WHAT NEEDS TO BE DONE:
Would you please transcribe the listing exactly, with no images?
--- PROVIDED MATERIAL ---
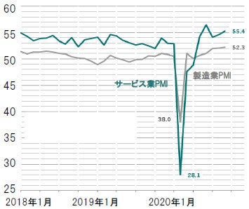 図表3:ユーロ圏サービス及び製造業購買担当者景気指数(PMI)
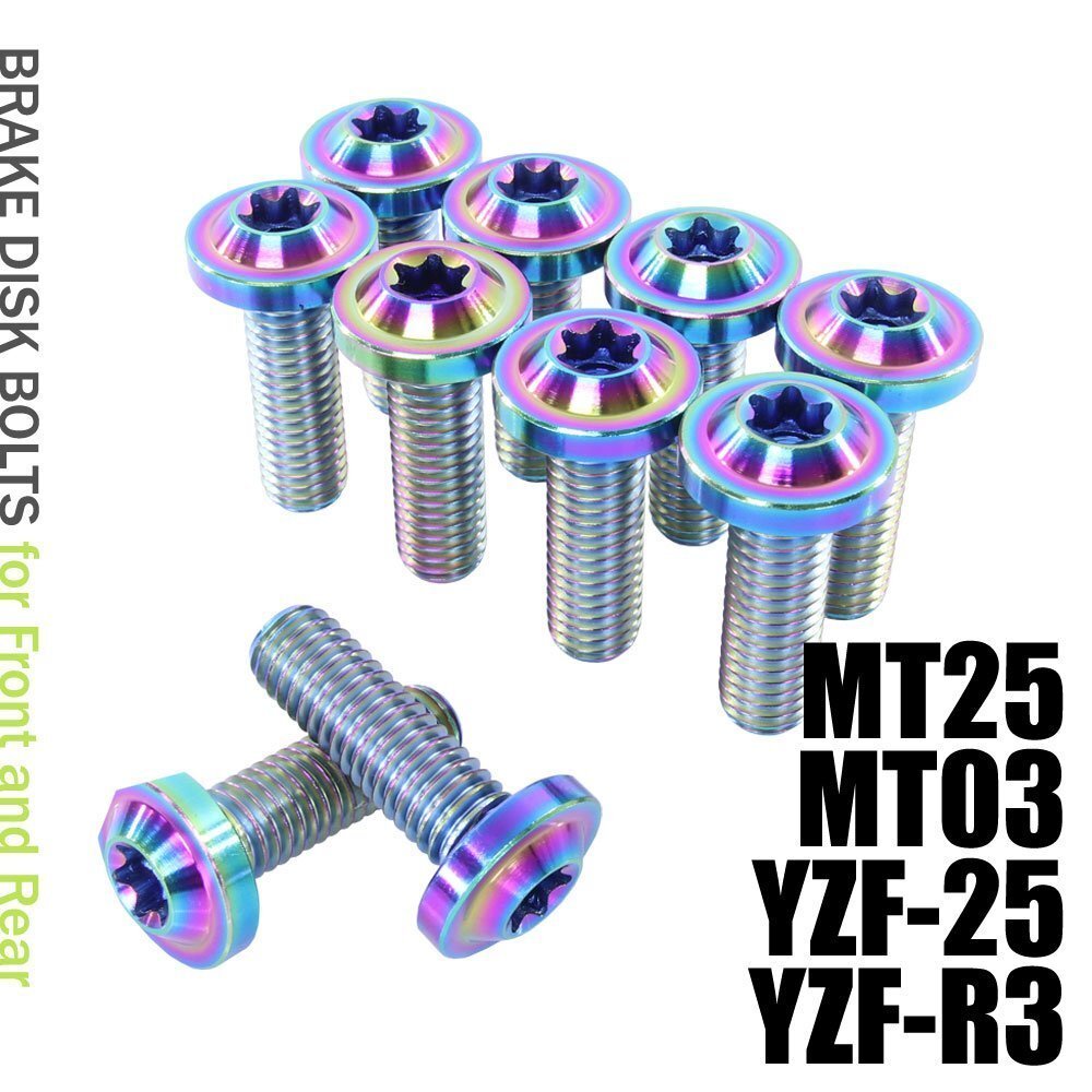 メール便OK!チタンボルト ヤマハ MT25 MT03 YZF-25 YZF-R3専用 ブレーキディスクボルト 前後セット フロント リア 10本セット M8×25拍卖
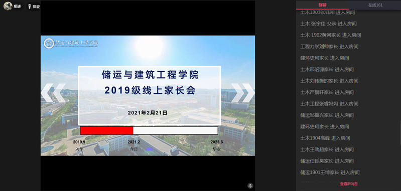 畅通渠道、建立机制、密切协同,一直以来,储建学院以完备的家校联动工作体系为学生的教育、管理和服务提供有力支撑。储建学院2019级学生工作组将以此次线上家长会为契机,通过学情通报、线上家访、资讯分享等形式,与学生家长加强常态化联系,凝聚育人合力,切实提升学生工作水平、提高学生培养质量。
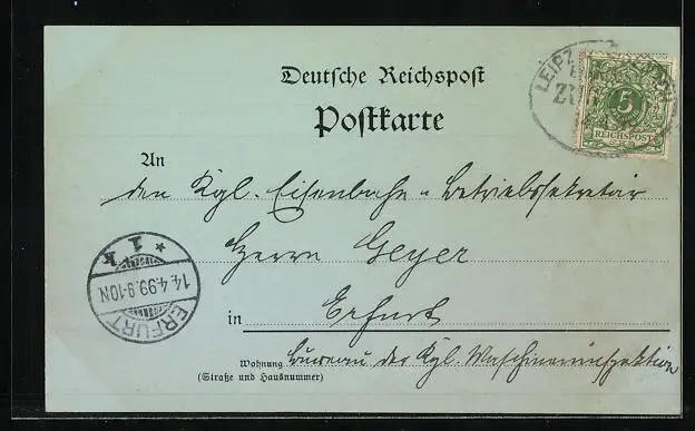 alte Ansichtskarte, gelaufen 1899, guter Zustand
---
SOLUTION:
 図表3:ユーロ圏サービス及び製造業購買担当者景気指数(PMI)
 メール便OK!チタンボルト ヤマハ MT25 MT03 YZF-25 YZF-R3専用 ブレーキディスクボルト 前後セット フロント リア 10本セット M8×25拍卖
 畅通渠道、建立机制、密切协同,一直以来,储建学院以完备的家校联动工作体系为学生的教育、管理和服务提供有力支撑。储建学院2019级学生工作组将以此次线上家长会为契机,通过学情通报、线上家访、资讯分享等形式,与学生家长加强常态化联系,凝聚育人合力,切实提升学生工作水平、提高学生培养质量。
 alte Ansichtskarte, gelaufen 1899, guter Zustand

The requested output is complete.